A general phase-transfer catalyst (PTC) mediated enantioselective alkylation of N-acylsulfenamides is reported. Essential to achieving high selectivity was the use of the triethylacetyl sulfenamide protecting group along with aqueous KOH as the base under biphasic aqueous conditions to enable the reaction to be performed at -40 °C. With these key parameters, enantiomeric ratios up to 97.5 : 2.5 at the newly generated chiral sulfur center were achieved with an inexpensive cinchona alkaloid derived PTC. Broad scope and excellent functional group compatibility was observed for a variety of S-(hetero)aryl and branched and unbranched S-alkyl sulfenamides.
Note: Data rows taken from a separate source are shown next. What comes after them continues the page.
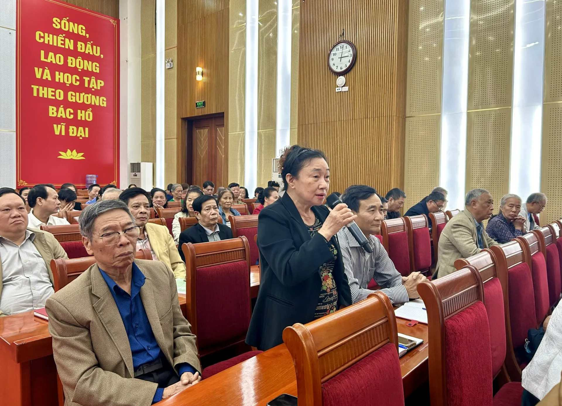 Cử tri đề xuất những vấn đề dân sinh tới lãnh đạo phường Hoàng Mai. Ảnh: Trần Oanh
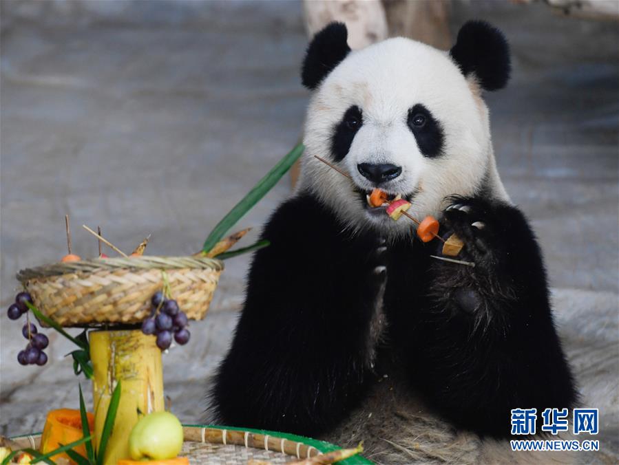 2019年12月31日,大熊貓“貢貢”在“擼串”。 當(dāng)日是2019年最后一天,海南熱帶野生動(dòng)植物園的工作人員為園區(qū)內(nèi)大熊貓“貢貢”“舜舜”準(zhǔn)備了用葡萄、南瓜、竹筍等果蔬制作的“火鍋串串香”,讓它們用“擼串”的方式迎接新年的到來。 新華社記者 楊冠宇 攝
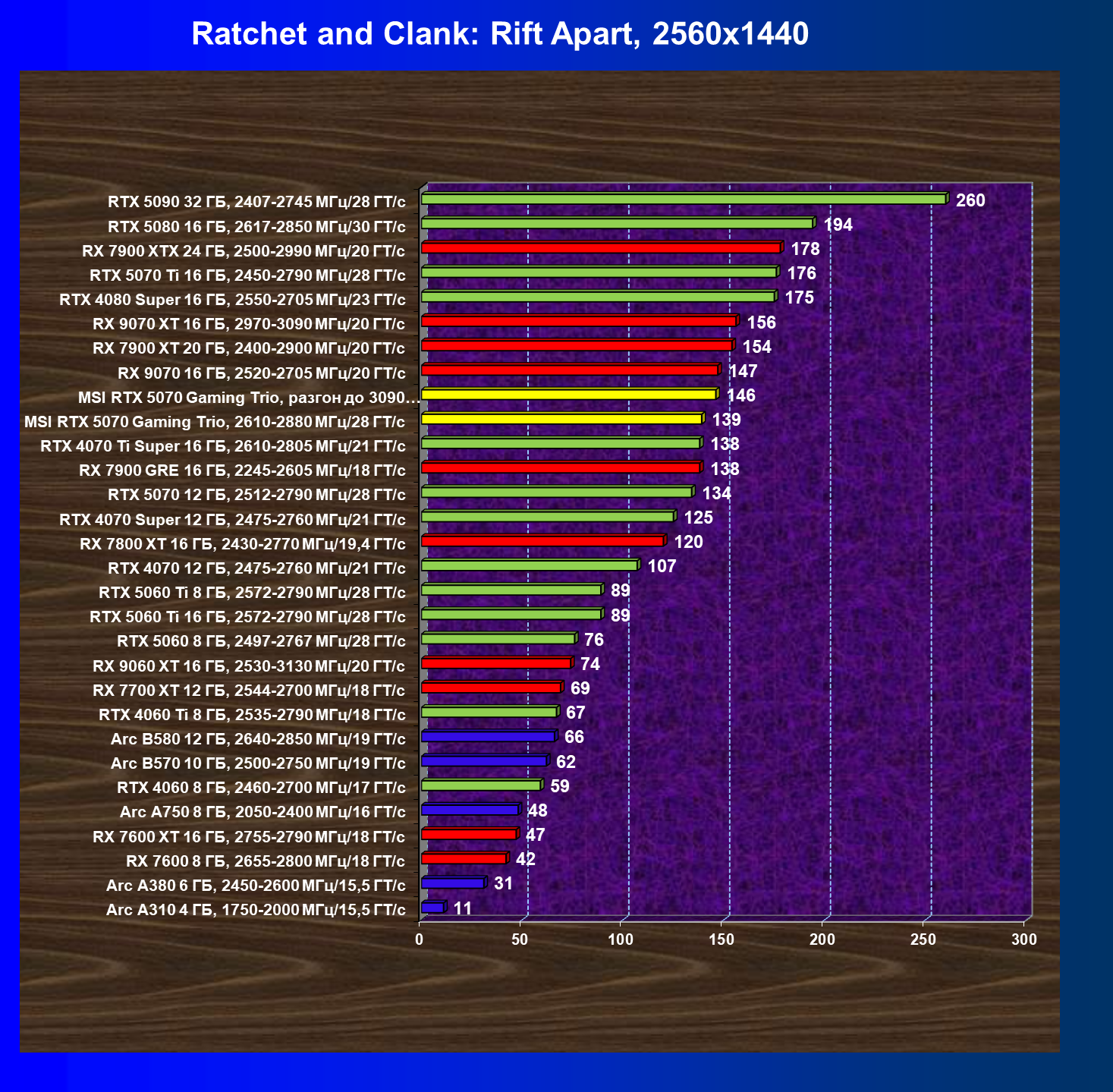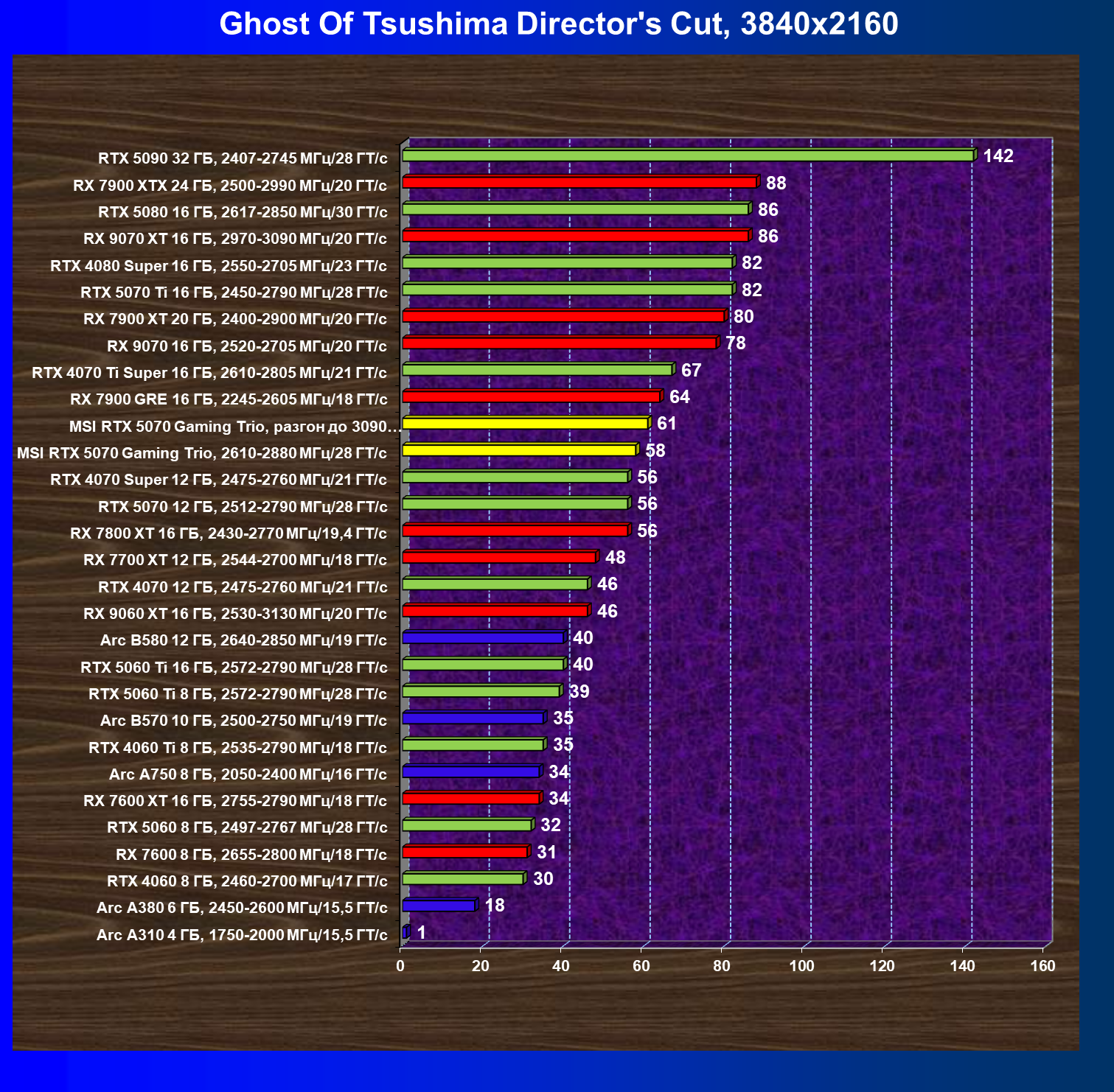 | 05 | MSI RTX 5070 Gaming Trio, разгон до 3090 МГц/31,7 ГТ/с | 5246 | 860 | 61 000 |
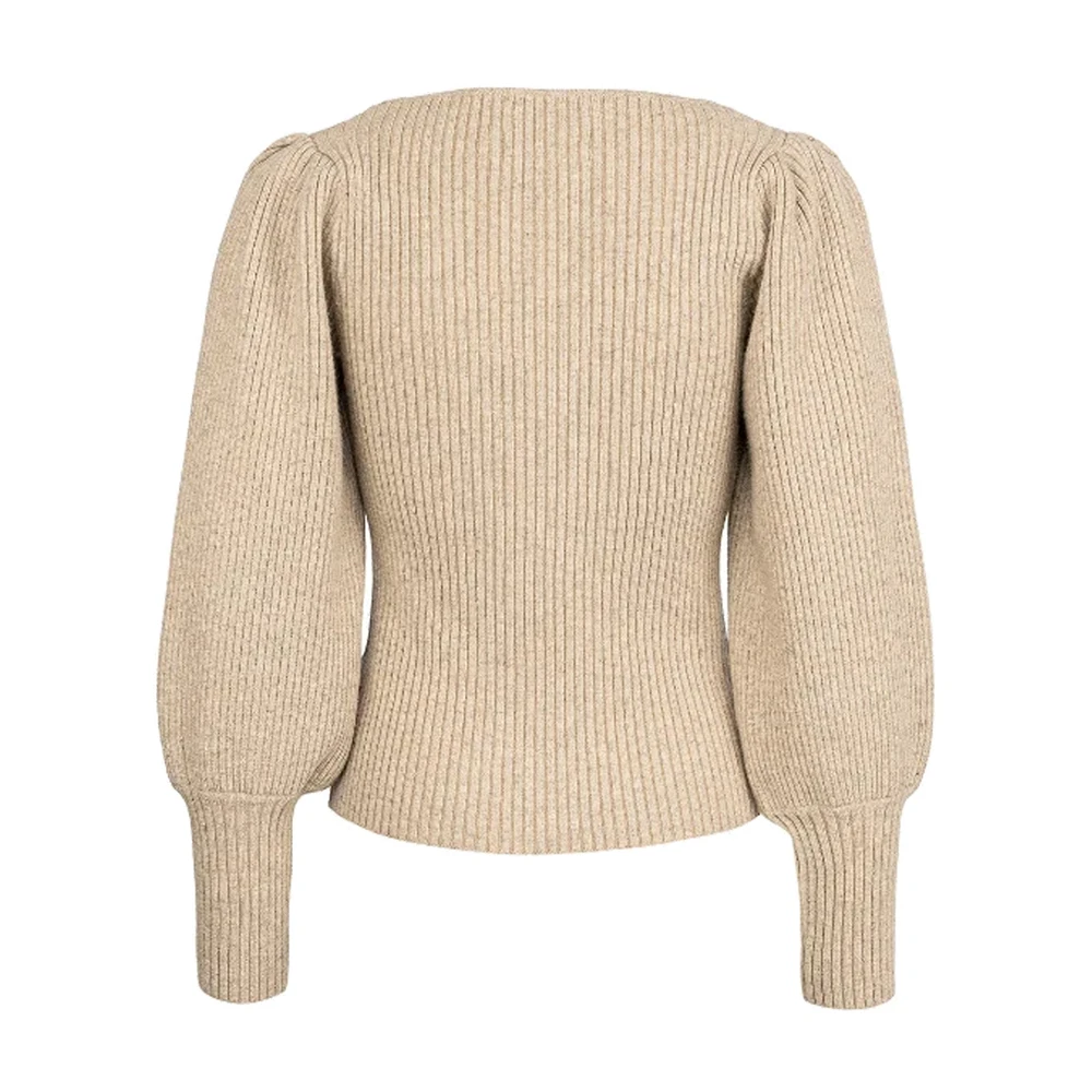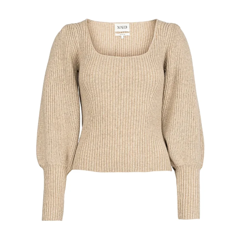 Allie Topp fra Maud. Allie er en nydelig strikkegenser i ribbestrikk med voluminĂžse ermer. Materiale: 35% ull, 35% polyester og 30% nylon
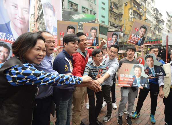 民建聯九龍西立法會補選候選人鄭泳舜昨日在深水埗黃金電腦商場外造勢,並獲黨友蔣麗芸、工聯會立法會議員郭偉強及高永文等站台。不少街坊主動上前與鄭泳舜握手,表示對他的支持。
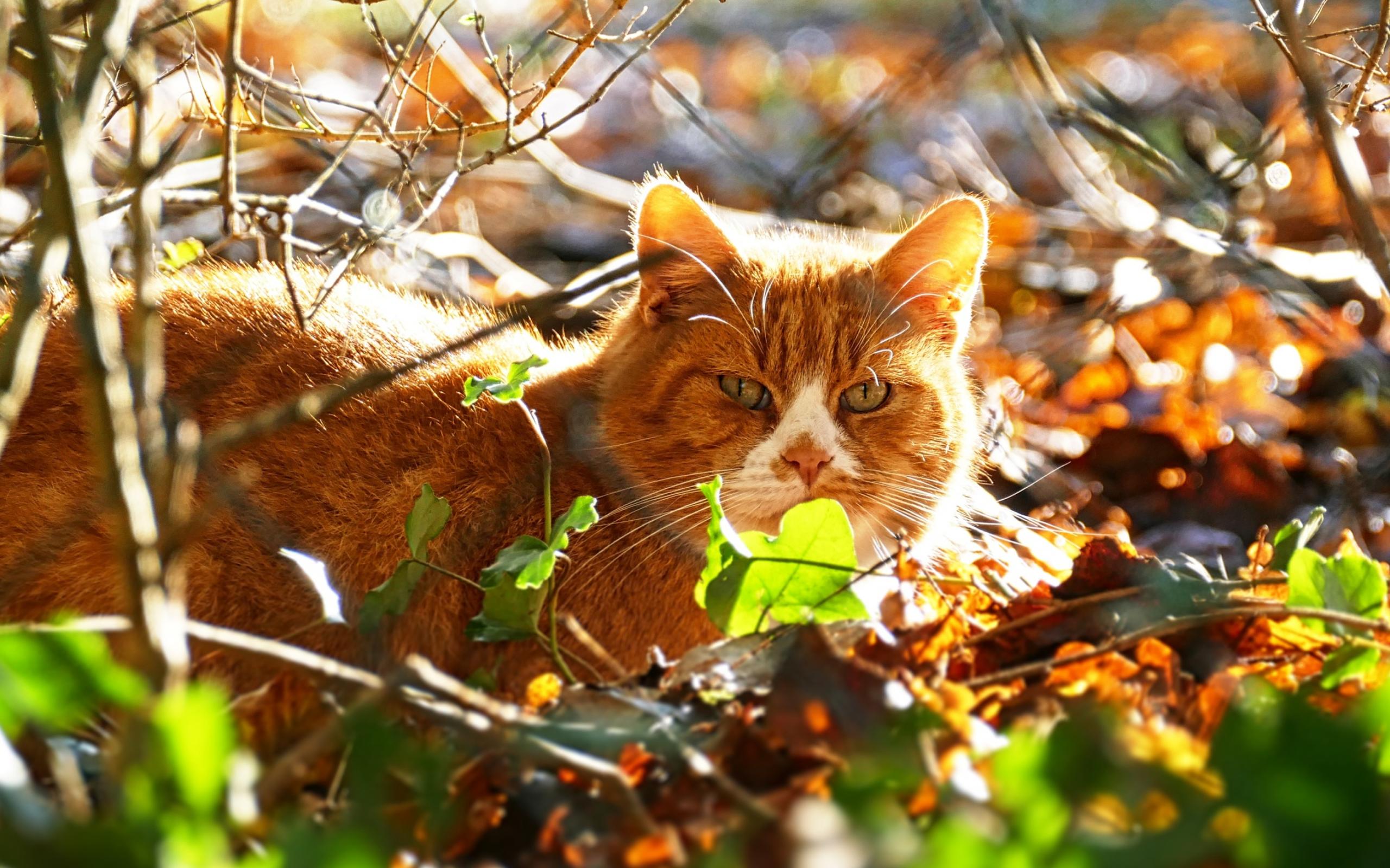 Wallpaper Beautiful ginger cat sits in foliage on a sunny day
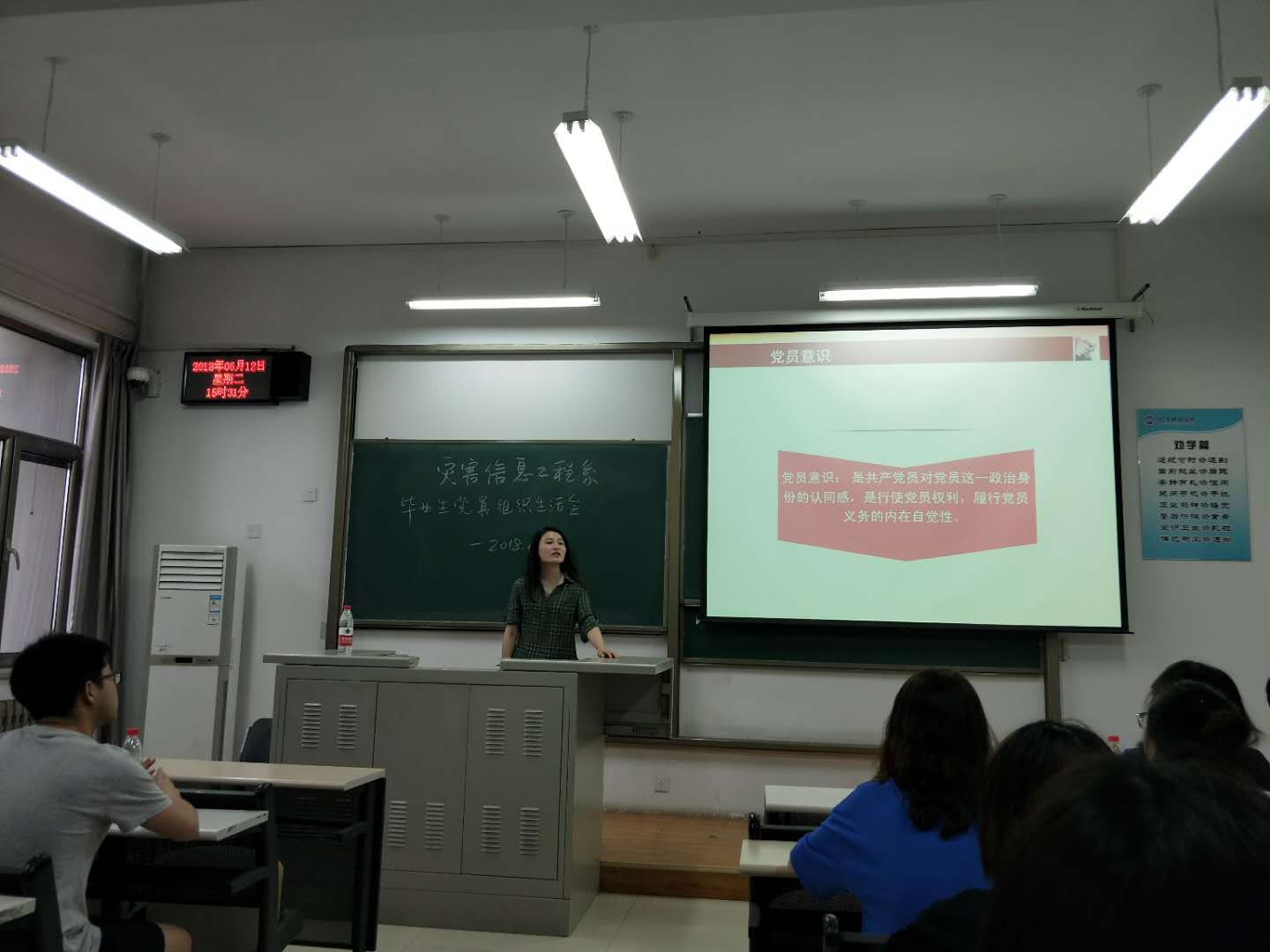 为确保毕业生党员持续保持党员意识,增强党性和组织观念,毕业之后在工作岗位和学习深造阶段永葆共产党员的模范带动作用, 2018年6月12日下午,灾害信息工程系党总支组织召开 2018届全体毕业生党员组织生活会。
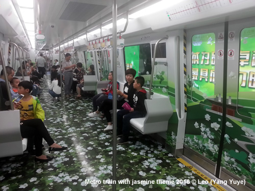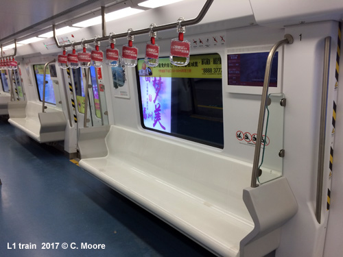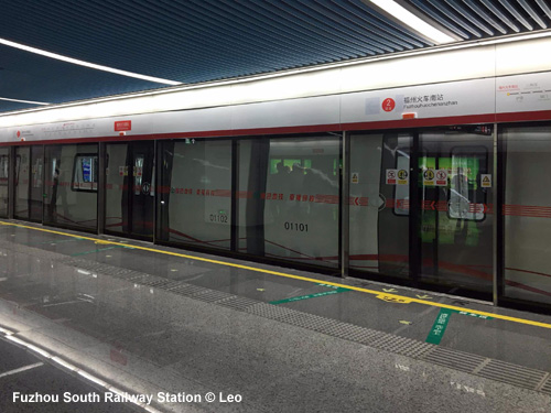In April 2017, Craig Moore sends his views on Fuzhou: Currently, the Fuzhou Metro is a single north-south line connecting Xiangfeng and the city centre (Nanmendou, Chating, Dadao) with Nantai Island and Fuzhou South Railway Station. Besides this, the east-west Metro Line 2 is also in an advanced stage of construction. Opened in 2016, the Metro has a new and clean feel to it. Station entrances are smart and visible with totems topped with the green and white logo. The ticket halls have security screening and banks of automatic ticket machines which dispense red RFID tokens. Here you will find the only schematic map on the system and this is for fare information only. Fares are distance based (2-6 Yuan) and the token is tapped on the stylish entrance barriers located at each end of the station (slotted on exit). The ticket hall has colourful wall paintings depicting local history and culture, a customer service centre where maps and user information is available, and station location information. Stairs and escalators provide access to the platform areas. All 21 stations on the 24.9km fully underground line are similar. Island platforms, full platform screens with station identifier, vertical line map and directional information (all in red). There is limited seating and broad white pillars which show station name (the escalator walls have large calligraphic station names also) and at each end of the platform is a beautiful geographic map of the line, also showing the new Line 2. There are no startling design elements to the line infrastructure, but the stations are functional, clean and spacious. Train services are operated with CNR stock (Type B) in 6-car sets, utilising overhead power supply. The system runs from 0630-2230 with a base headway of 9mins, and a trip along the line takes 45mins. The train exterior is mainly white but doors are in a pale grey and this looks very smart. The interiors are bright and clean and are predominantly white with a blue floor, which is quite unusual in China. There are electronic strip maps above doors, electronic station information and LCD TVs with line and service information. There is no schematic map on the trains (but this may change when additional lines are opened), and advertising seems limited to grab handles, and so opportunity to add colour to the starkness of the interior is limited. Audio information is loud and in Mandarin and English. One thing to note is the seating which has a unique high, angled side. I sat at the end to get a feel of this and it was uncomfortable. Quite why the seats were designed this way I do not know. As for the ride, well as with most new systems here, the acceleration is good and the ride smooth. The ATO, however, means there are very long dwell times at stations. I rode the line late in the evening when passenger numbers were minimal and the train was often stationary for 30 seconds after the last passenger has boarded/alighted. This is a small and simple system and so there is little to comment on. It does not have the distinctive features of some of the newer lines in China, but is effective and functional at what it does. A nice little line. |
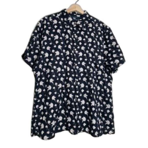 Perry Ellis Men's Dandelion Print Linen Short Sleeve Button-Down Shirt, XXLarge
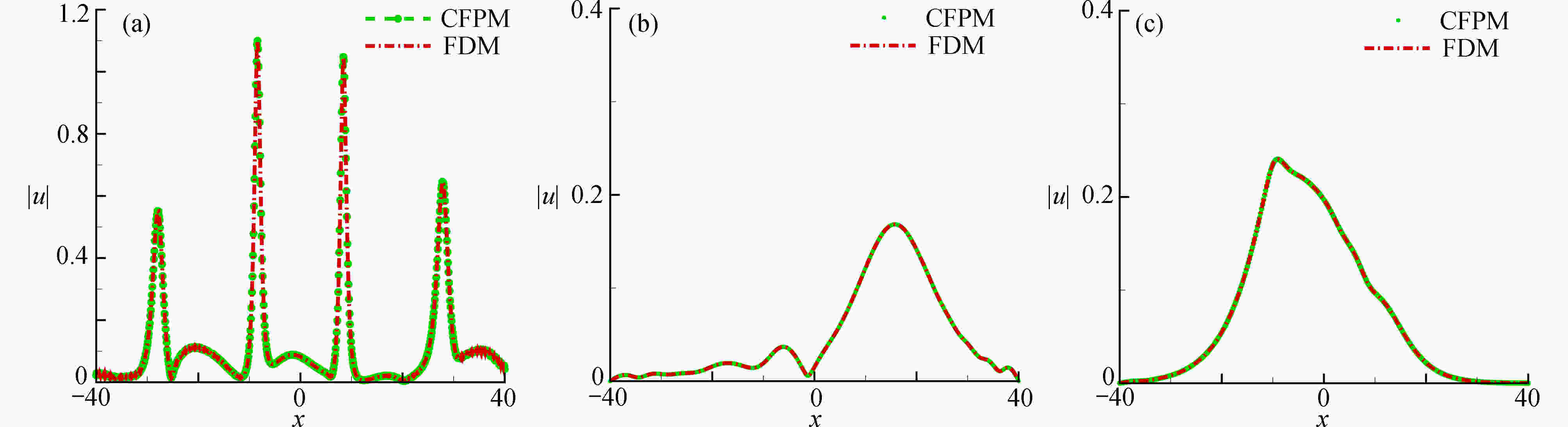 图  6  CFPM对孤立波函数|u2|的数值结果:(a) α=1.0; (b) α=0.9; (c) α=0.7
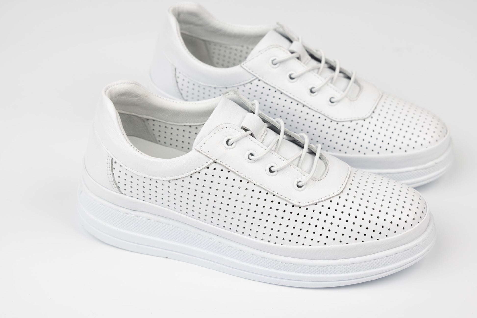 Pantofi mireasa decupați piele naturală PERLA 3314 Alb sidef
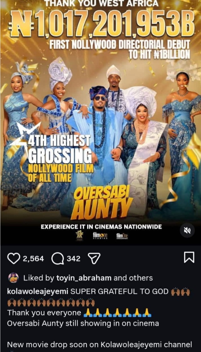 Meanwhile, Oversabi Aunty continues to enjoy impressive cinema patronage nationwide, with audiences praising its storyline, humor, and relatable themes. The film’s ₦1 billion box office record not only underscores Toyin Abraham’s star power but also highlights the growing commercial strength of Nollywood productions.
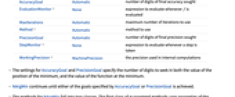 AccuracyGoal Automatic number of digits of final accuracy sought EvaluationMonitor None expression to evaluate whenever f is evaluated MaxIterations Automatic maximum number of iterations to use Method Automatic method to use PrecisionGoal Automatic number of digits of final precision sought StepMonitor None expression to evaluate whenever a step is taken WorkingPrecision MachinePrecision the precision used in internal computations - The settings for AccuracyGoal and PrecisionGoal specify the number of digits to seek in both the value of the position of the minimum, and the value of the function at the minimum.

Moreover, to achieve high selectivity for the opposite enantiomer, a pseudoenantiomeric catalyst was designed and synthesized from inexpensive cinchonidine. Given that sulfoximines are a bioactive pharmacophore of ever-increasing interest, selected product sulfilimines were oxidized to the corresponding sulfoximines with subsequent reductive cleavage affording the free-NH sulfoximines in high yields. The utility of the disclosed method was further demonstrated by the efficient asymmetric synthesis of atuveciclib, a phase I clinical candidate for which only chiral HPLC separation had previously been reported for isolation of the desired (R)-sulfoximine stereoisomer.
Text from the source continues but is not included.